[Records contained in a dataset]
--*--

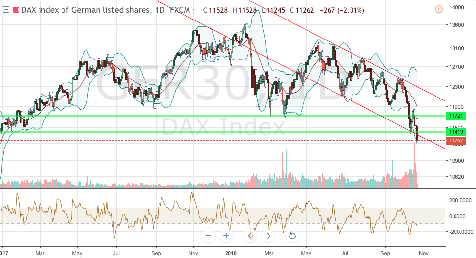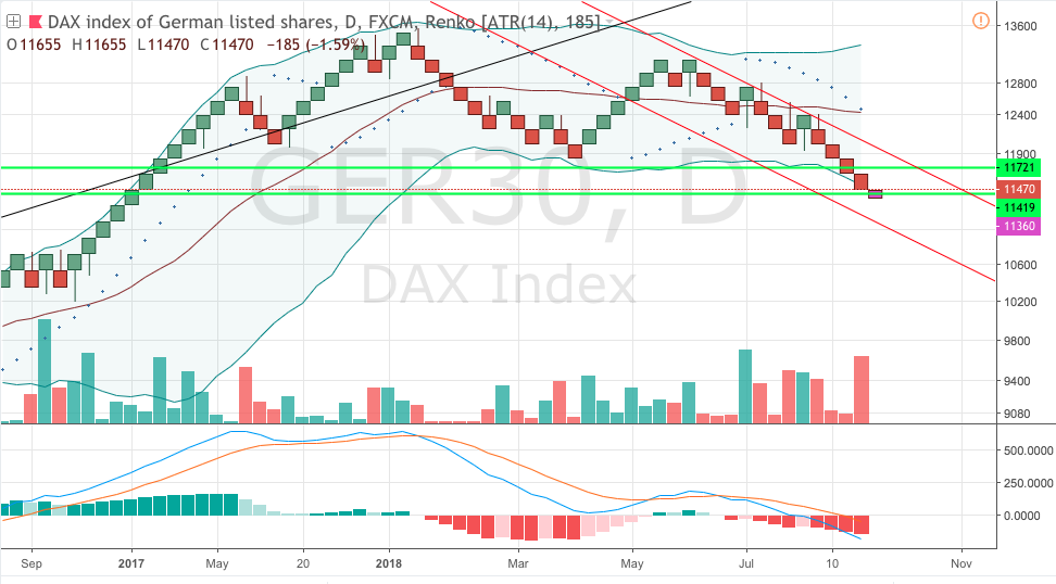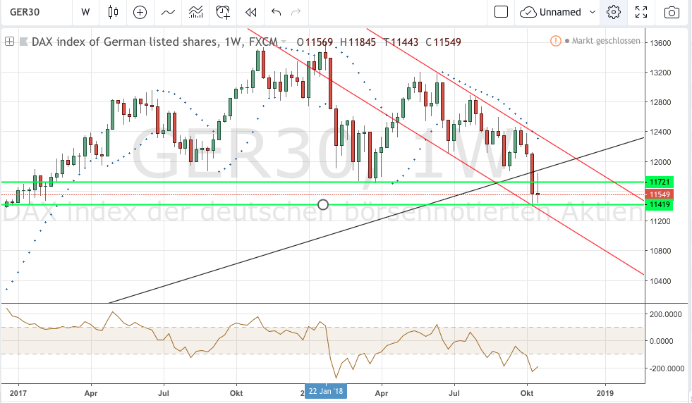 ab 9:00 Uhr Xetra-Start mit Gap-Up, Dax-Stand aktuell: 11.415 (genau auf unterster grüner Linie)
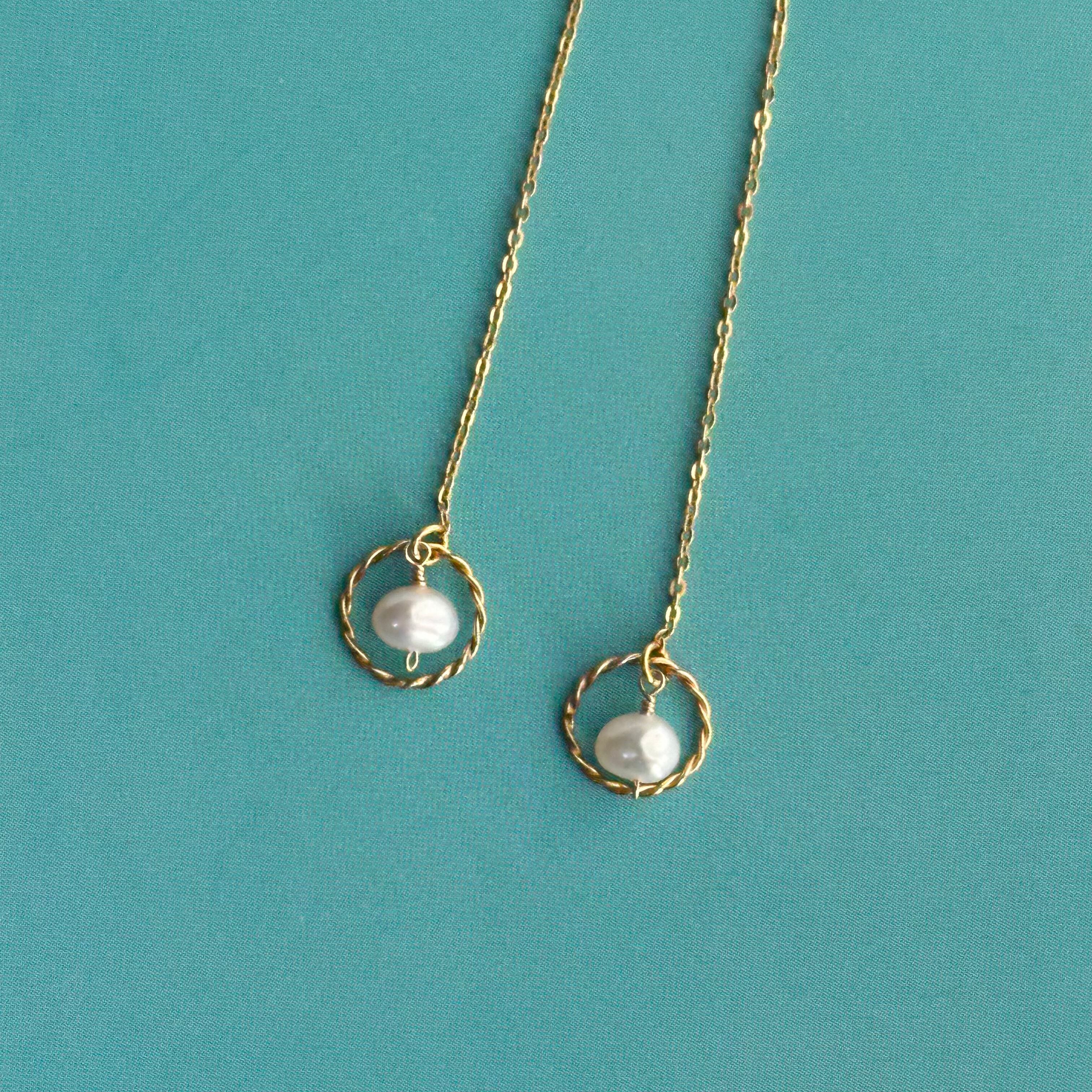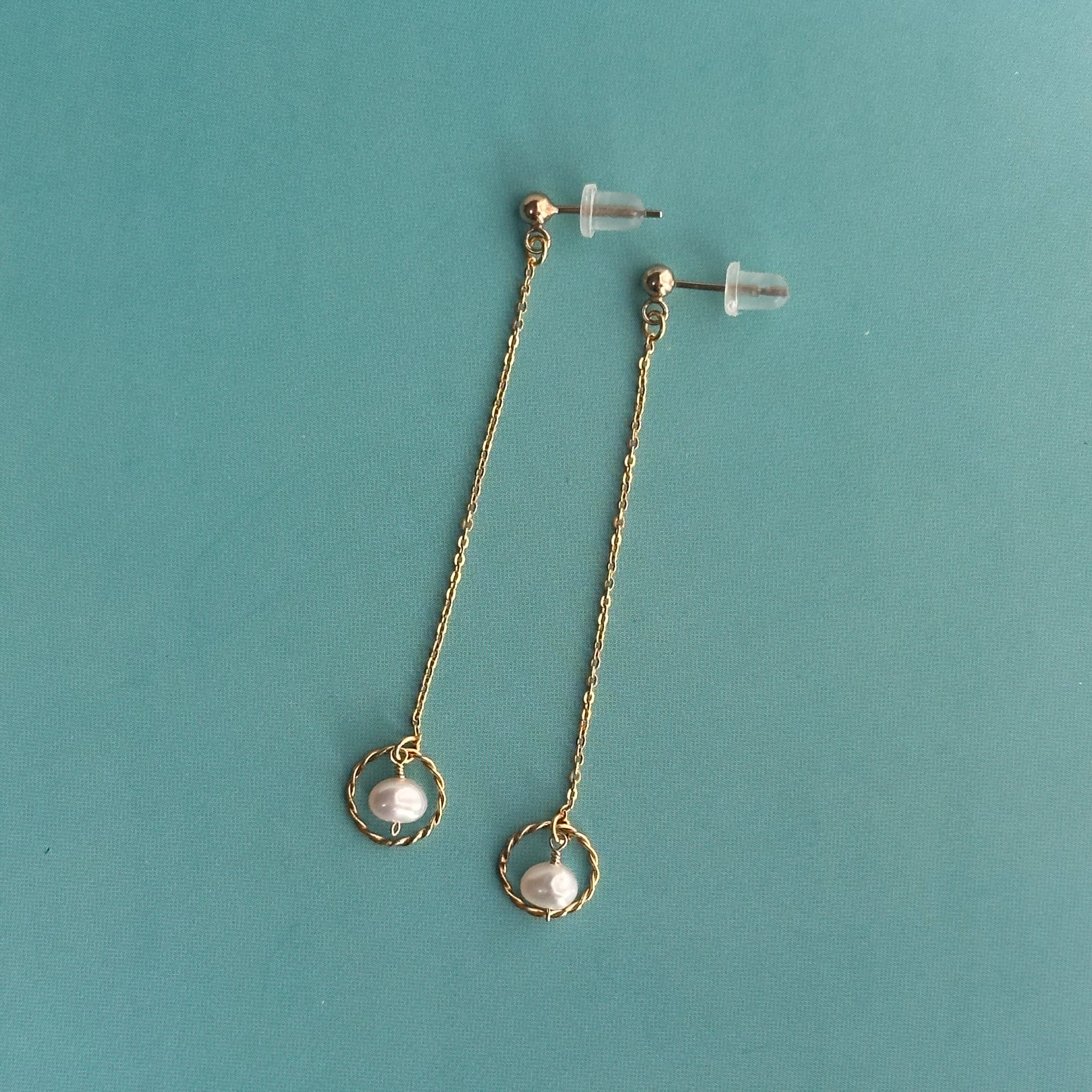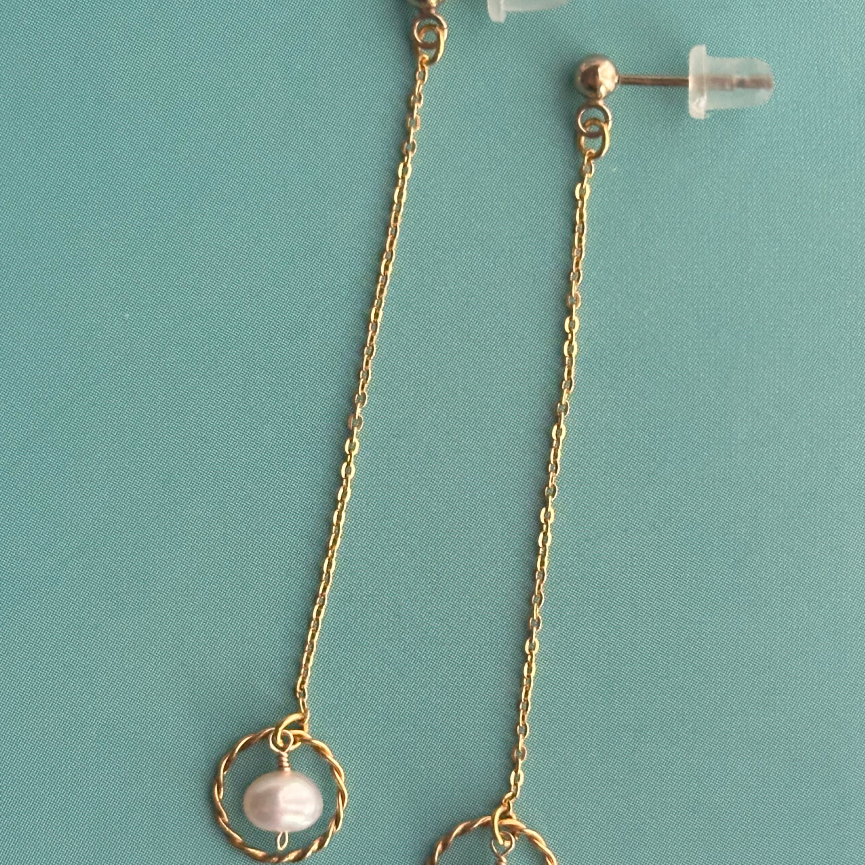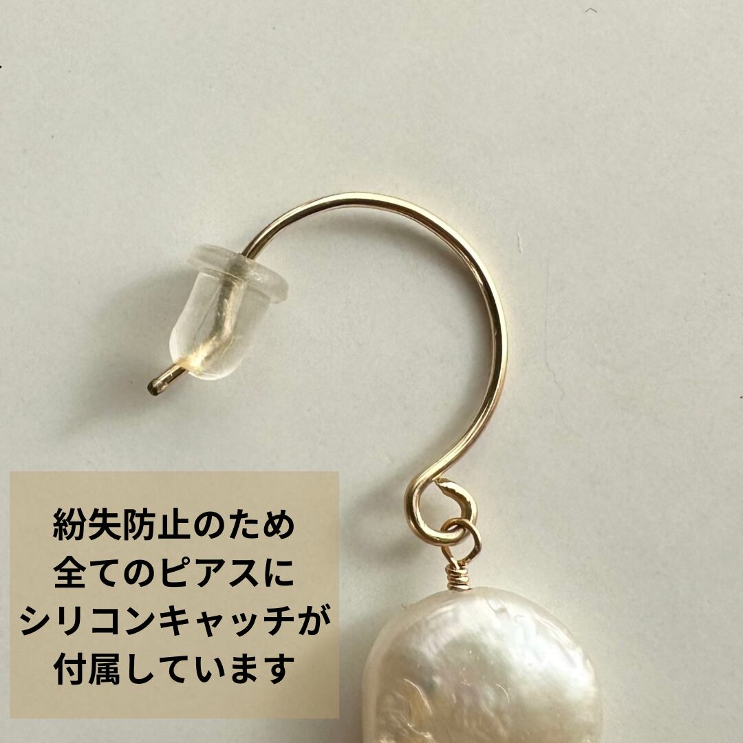 動く度にリングパーツとポテト型の淡水パールが揺れるポストピアス(イヤリング)。
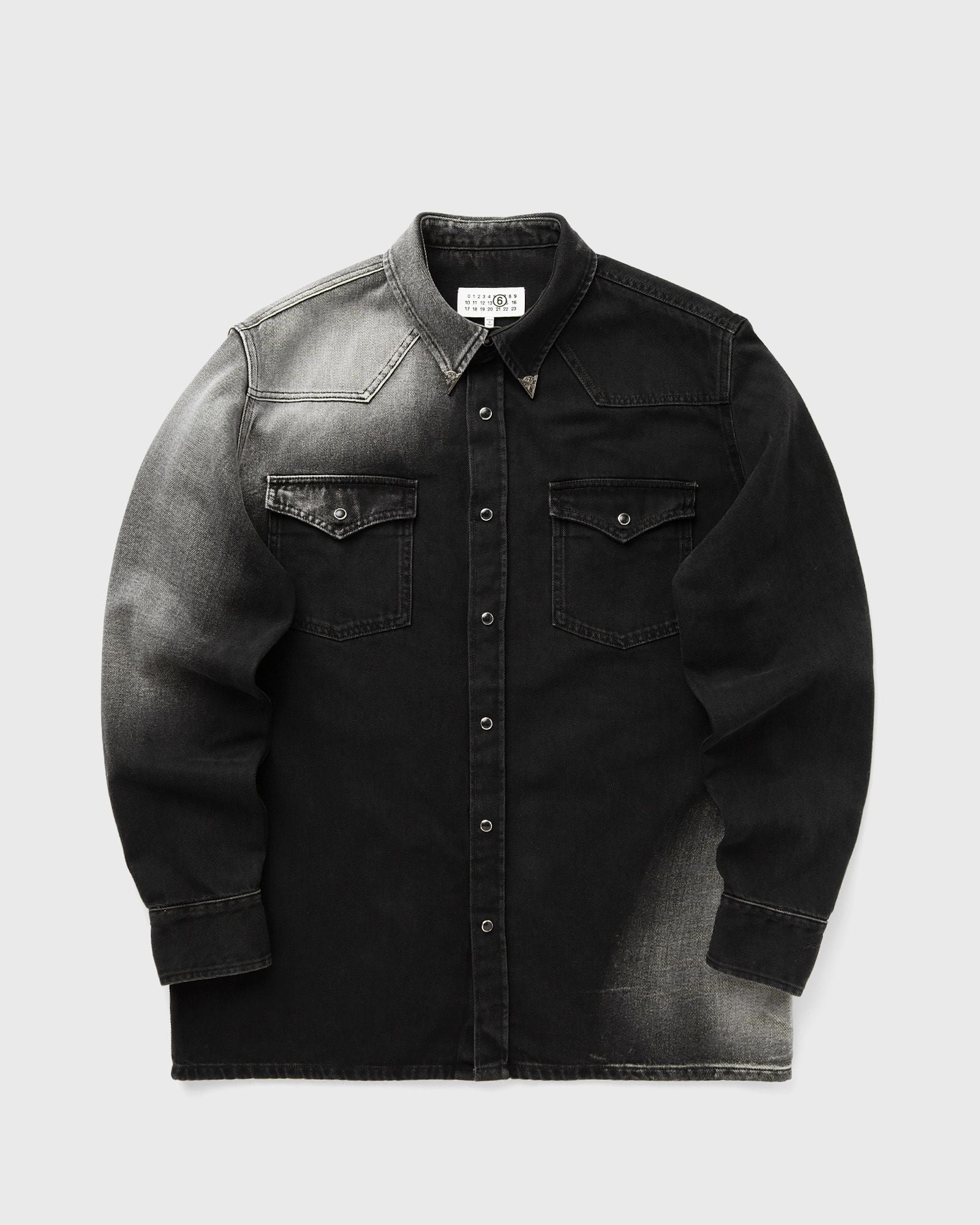 The black denim shirt by MM6 Maison Margiela gives the classic Western silhouette a modern twist. It features tapered yokes, two chest pockets, silver-colored snap buttons, and engraved metal tips on the collar. The faded black wash creates a relaxed structure and soft aesthetic, while white stitching on the back showcases the signature style of the MM6 line. - Western shirt in faded denim - Tapered yokes - Snap button closure - Patch pockets with snap buttons on the chest - Engraved metal tips on the collar - Buttoned cuffs - White stitching on the back - Made in Italy
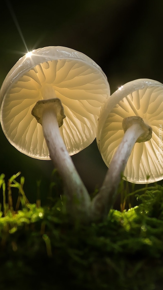 Edytor tapety: Dwa grzyby na ściółce w mchu
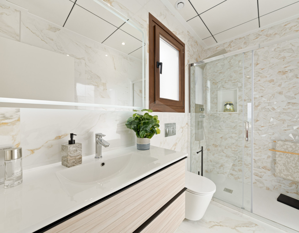 Excellent detached Villas all on one floor with 3 bedrooms + 3 bathrooms en suite, large plot from 351 m2, porch, parking space and private swimming pool 7x3 m. with beach area.
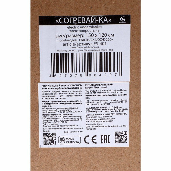 EcoSapiens ES-401 Согревай-ка 150х120 см электрическая простыня
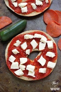 ★ Намазать соус для пиццы вокруг каждой стороны бублика.
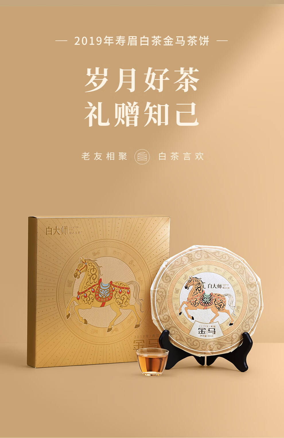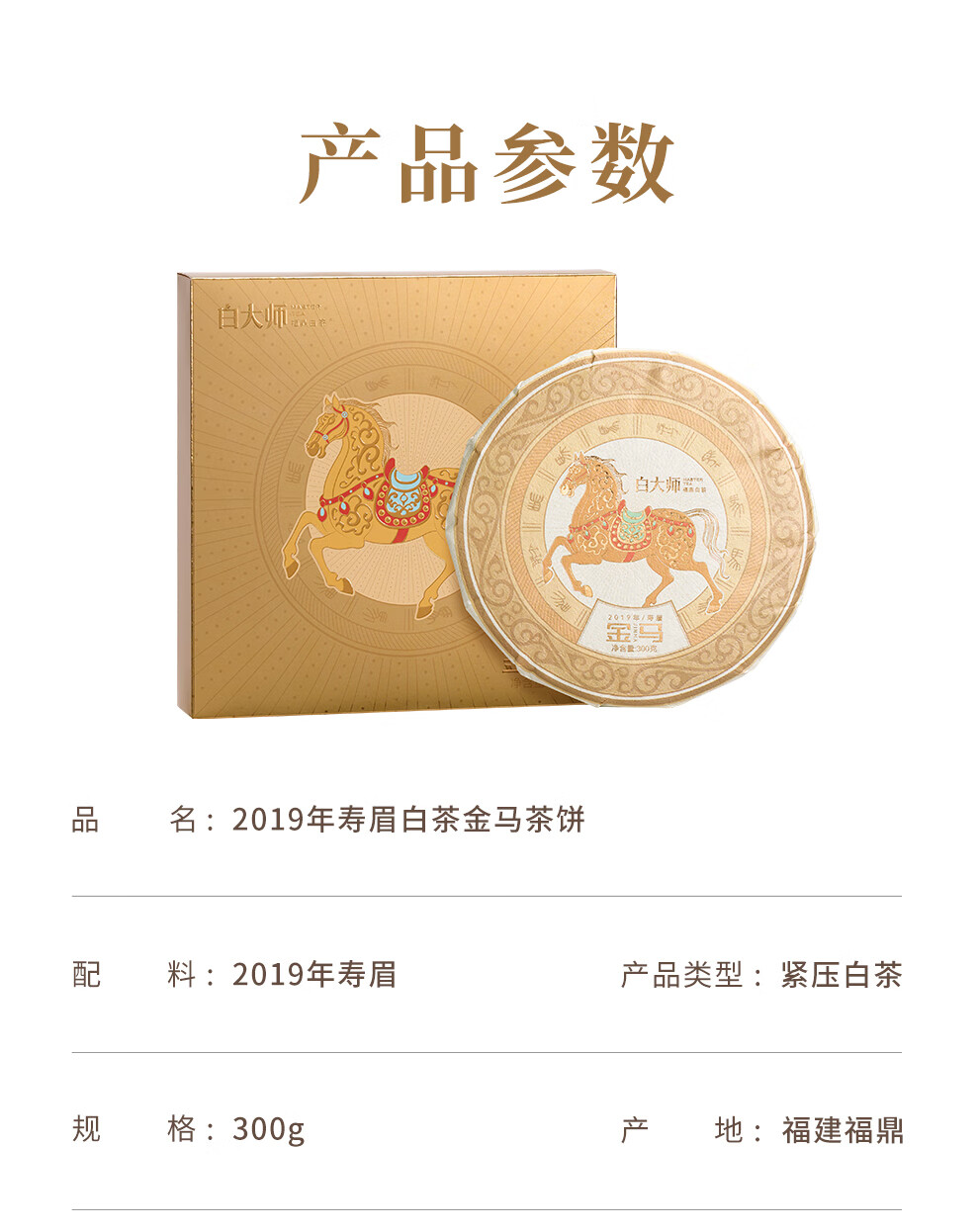 白大师福鼎白茶2019年寿眉金马饼大份量自己喝茶叶官方旗舰店300g
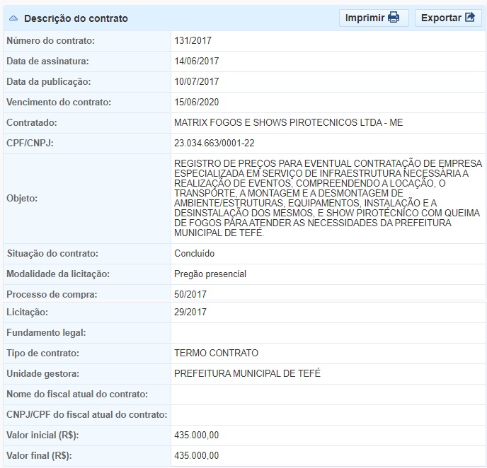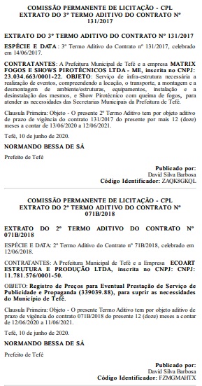 Na mesma publicação do DOM dessa quinta-feira, o contrato com a empresa Matrix Fogos e Shows Pirotécnicos Ltda – ME, também celebrado em 14 de junho de 2017, foi renovado pelo prefeito Normando Bessa por mais 12 meses.

--*--

=== Task item ===
This exercise asks for an exact copy of the lines from the first one in the data through the line that contains "Edytor tapety: Dwa grzyby na ściółce w mchu", pictures excluded.

=== Answer for this exercise ===
 ab 9:00 Uhr Xetra-Start mit Gap-Up, Dax-Stand aktuell: 11.415 (genau auf unterster grüner Linie)
 動く度にリングパーツとポテト型の淡水パールが揺れるポストピアス(イヤリング)。
 The black denim shirt by MM6 Maison Margiela gives the classic Western silhouette a modern twist. It features tapered yokes, two chest pockets, silver-colored snap buttons, and engraved metal tips on the collar. The faded black wash creates a relaxed structure and soft aesthetic, while white stitching on the back showcases the signature style of the MM6 line. - Western shirt in faded denim - Tapered yokes - Snap button closure - Patch pockets with snap buttons on the chest - Engraved metal tips on the collar - Buttoned cuffs - White stitching on the back - Made in Italy
 Edytor tapety: Dwa grzyby na ściółce w mchu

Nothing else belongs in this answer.